At Apple Inc. (NASDAQ:AAPL)‘s Worldwide Developers Conference, the company confirmed longstanding rumors about a new product. Later this year, Cupertino will release a radically redesigned version of its premium Mac Pro desktop computer, which currently starts in the low $2,000s. The high-end PC lacks a monitor, but is Apple Inc. (NASDAQ:AAPL)’s most powerful machine, although recent versions were less than cutting-edge.
The new Mac Pro is anything but behind the curve. It’s a beautiful machine with advanced components, but it also includes a special feature that Apple hasn’t used in a long time: it will be assembled in the U.S. And Apple Inc. (NASDAQ:AAPL) is not the only company taking an interest in American manufacturing. Google Inc (NASDAQ:GOOG)‘s Motorola Mobility subsidiary will be assembling the new flagship Moto X phone in Texas. And Google Inc (NASDAQ:GOOG) already built its failed Nexus Q living room box in America, so the trend isn’t new.
So what does this trend mean for traders? Does being made in the USA equal higher profits, or lower margins?

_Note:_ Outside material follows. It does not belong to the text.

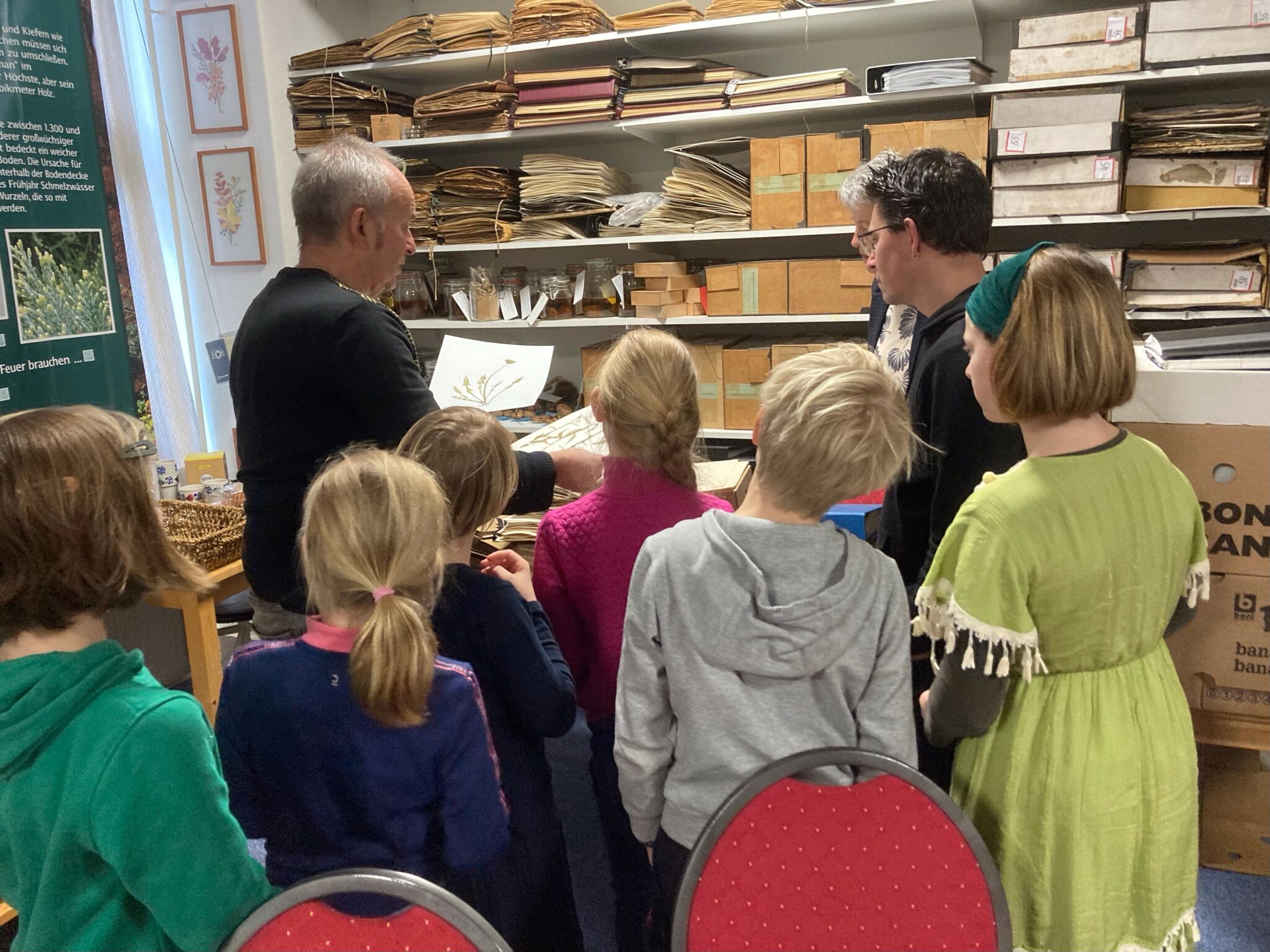 Karst Meijer gaf een inspirerende rondleiding. De kinderen mochten een wel hele bijzondere aanwinst van het Herbarium bekijken. De Species Plantarum van C. Linnai, uit 1753. De basis van de botanische nomenclatuur; een nieuw systeem voor het benoemen en rangschikken van organismen. Hij benoemde tijdens zijn leven zo’n 9000 soorten planten.

There’s one serious hangup with building your products in the United States: cost. Foxconn, a major electronics manufacturer that builds the iPhone, pays its workers below $5 an hour — and that’s overtime pay. The standard per-hour pay is $2.50. A comparable worker in the United States would make five to eight times that amount, so you can see why companies like Apple Inc. (NASDAQ:AAPL) and Google Inc (NASDAQ:GOOG) like to make things overseas.
But cost isn’t the only thing; in fact, it might not be the most important factor. Remember that, while Foxconn workers assemble the devices, they do it using components manufactured mostly in China. These parts are built in huge factory complexes where hundreds of thousands of laborers live and work. You can move the assembly to the United States, but the rest of the supply chain will still be in China.
There’s a legendary story about how Steve Jobs decided, weeks before the release of the iPhone, that it needed a glass screen instead of a plastic one. His executives could not have turned to America to build 10,000 redesigned phones a day in less than a month. Only China has the workforce, supply chain, and labor laws to facilitate that kind of grueling schedule.
But there are also plenty of positives in building products in the United States. Apple Inc. (NASDAQ:AAPL) hinted for months before the unveiling of the new Mac Pro that the company was going to be building something in America. And Google Inc (NASDAQ:GOOG) is hyping up a storm about the Moto X being the “only smartphone made in the United States.” It’s a publicity coup to build your product in the United States these days, especially if your product is electronic. Such a pedigree is usually reserved for high-end, luxury devices that are out of the reach of the average consumer.